# The Math Behind Audio Equipment

I purchased a USB mic years ago for video conferencing and so forth, but this mic turned out to be insufficient for recording and broadcasting the full voice that I am obtaining with my opera training. A surprising bit of math is regularly involved in rating and judging audio equipment, and I haven’t seen it fully expounded elsewhere, so I attempt to here.

## 1 Sound Pressure Level and the Logarithmic Scale

Sound is an acoustic vibration (mostly) transmitted through the ambient air. It is modeled a adiabatic pressure perturbations, thus we assume that the total mass and temperature of air remains constant when we monitor for sound.1

Sound is most commonly measure by a diaphragm, which oscillates due to sound pressure levels, which are the instantaneous difference in sound pressure in a sound wave relative to the mean pressure of the air “at rest,” as it were. There is quite a difference in order of magnitude between these. Static air pressure is about $$100$$ kPa ($$1 \times 10^5$$ Pa), while the reference threshold for human hearing is about $$20$$ μPa ($$2 \times 10^{-5}$$ Pa) sound pressure-level (SPL).

The power dissipated per unit area by a sound wave is called its sound intensity $$I$$. The sound intensity is proportional to the square of the sound pressure level $$p$$. $I \propto p^2$ I omit the full derivation, but it is basically the same as the derivation of the fact that the power dissipation of a resistor is proportional to the square of the current.

The human ear generally perceives loudness as being proportional to the log of the intensity of the sound, so we measure the loudness of sound in decibels of the square of the sound pressure level, relative to the reference threshold of $$p_r = 20$$ μPa. $L_p = 10 \log_{10} \left( \frac{p^2}{p_r^2} \right) = 20 \log_{10} \frac{p}{p_r}.$ The units of $$L_p$$ are called dB SPL, for decibels, Sound Pressure Level. Thus, every 10 dB SPL increase is an order of magnitude increase in sound intensity and two orders of magnitude increase in raw sound pressure.

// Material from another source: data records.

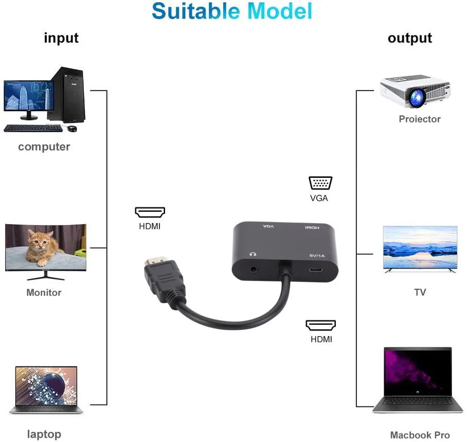 Es ampliamente compatible con dispositivos como ordenadores, decodificadores, decodificadores de red, DVD, monitores, consolas de juegos, etc. con salida de interfaz compatible con HDMI para dispositivos como televisores, monitores, proyectores, etc. con interfaz compatible con HDMI e interfaz VGA.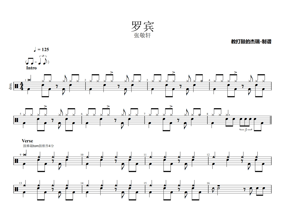 《罗宾》是张敬轩演唱的一首歌曲,拍号为4/4拍,歌曲速度为每分钟125拍,这份架子鼓谱共有三张高清图谱,图谱由 @Jerry 编配上传,图谱使用五线谱编配,使用这份罗宾架子鼓谱,你将能够轻松地敲打出这首张敬轩的罗宾,快来尝试吧。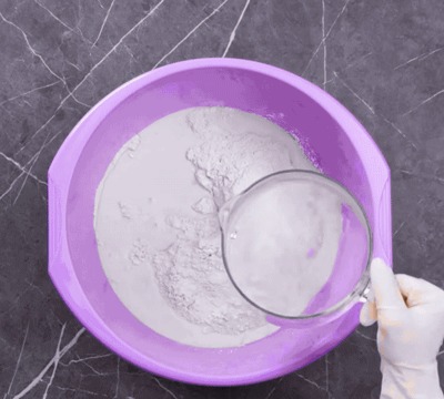 首先,在脸盆里搅拌水泥,然后摇动使其变平。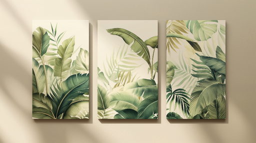 Teljes részletek megtekintéseFalikép trópusi lombozat | Egy buja levélkészlet zöld és krémszín árnyalatokban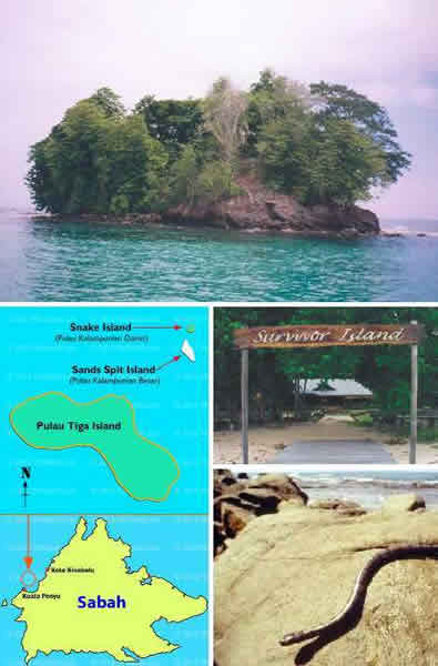 马来西亚沙巴近海的三岛公园由三座小岛组成。最小的一座是加南布尼安达密岛,又名蛇岛,它是当地有毒海蛇交配的地方。频繁在马来西亚加南布尼安达密岛出没的带状海环蛇是一种相对胆小的毒蛇,这种蛇很少咬人,不过偶然踩到也会激怒它们,这种蛇毒的毒性比眼镜蛇毒强3到4倍。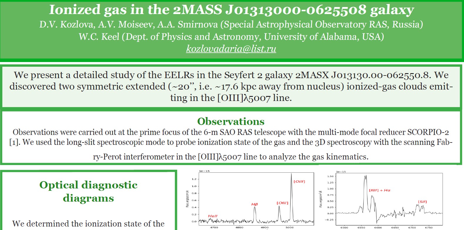| P19 | | Daria V. Kozlova, Alexei V. Moiseev, A.A. Smirnova | Ionized-gas clouds in the 2MASX J013130.00-062550.8 galaxy |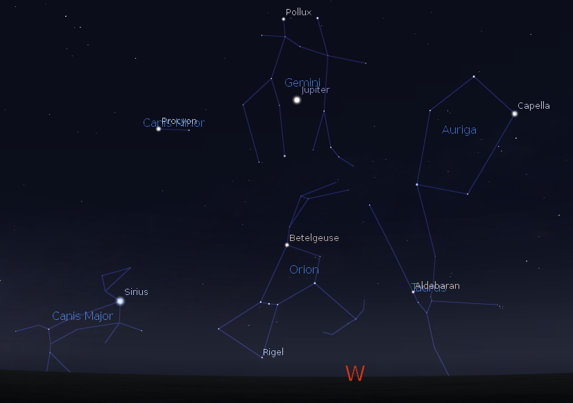 Jupiter and the setting winter constellations in the west at 10 p.m. on April 23, 2014. Created using Stellarium.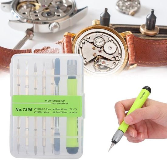 Tournevis Précision Kit,25-in-1 Mini Kit de Torx Tournevis Clés Allen Mini tournevis lunettes ; Marques · AHLSEN(1). AIPERQ(7) ; Matières. Acier(65). Plastique(39) ; Empreinte de la tête. Cruciforme(56). Torx(54 Lot Tournevis Précision Lunettes Téléphone Bijoux Lot De 3 Tournevis De Précision Pour Réparation Téléphone Portable PC Tournevis Anti-dérapant Jeu de tournevis : le paquet comprend 6 tournevis de précision multi-outils, pratiques à transporter et faciles à utiliser. Il est également idéal pour réparer d'autres objets tels que des jouets, des appareils électroniques. Kal-Kit Tournevis De Précision 16 En 1, Mini Tournevis Montre Pour Réparation De Lunettes Et Montres, Petit Tournevis Pour La Micro Mécanique, Set Complet De... 60 mm de longueur x 5 mm de diamètreMatériau de qualité supérieure : fabriqué en acier inoxydable à haute résistance, ce qui rend le tournevis antirouille. Excellent service : si vous avez des questions, veuillez nous contacter, nous résoudrons votre problème dans les 24 heures Conception antidérapante : ce tournevis à lunettes est conçu avec une texture antidérapante, vous vous sentirez à l'aise tout en le tenant pour fixer vos lunettes et vous permet de le saisir fermement et facilement. 60 mm de longueur x 5 mm de diamètre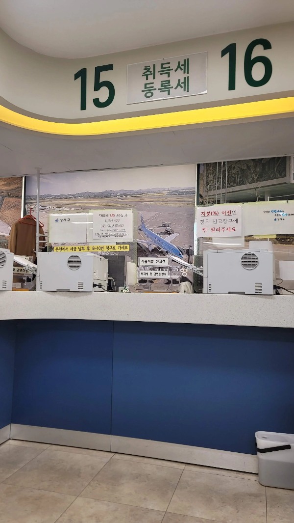 이전등록 창구에 서류를 제출하면 아래 사진처럼 순서대로 처리하고 오라고 안내해 주십니다. 취등록세 창구에 서류 제출하면 세금납부서를 받습니다. 이때 취등록세 감면 (다자녀 혜택 등)을 받으실 분은 여기 취등록세 창구에 요청을 해야 합니다.

### 1.1 Acoustic Impedance and Attenuation

Acoustic intensity obeys an inverse square law. The acoustic intensity at a point beyond the sound source is proportional to the inverse of the square of the distance $$r$$ away from the sound source. Moreover, because air is viscous and thus not totally lossless, the attenuation due to distance is also dependent in part on the frequency (higher frequencies are more quickly attenuated). The equations for this are very complicated in the general case. In general, we can use a few relations to describe this. Let $$f$$ be the frequency of the sound. $I \propto r^{-2 \alpha(f)} \qquad \alpha(f) \propto f \qquad \alpha(f) \geq 1$

Thus, we can say that for every doubling of the distance between the source and the sensor, the SPL is attenuated by $$10 \times \log_{10} ( 1 / 4) \approx -6$$ dB.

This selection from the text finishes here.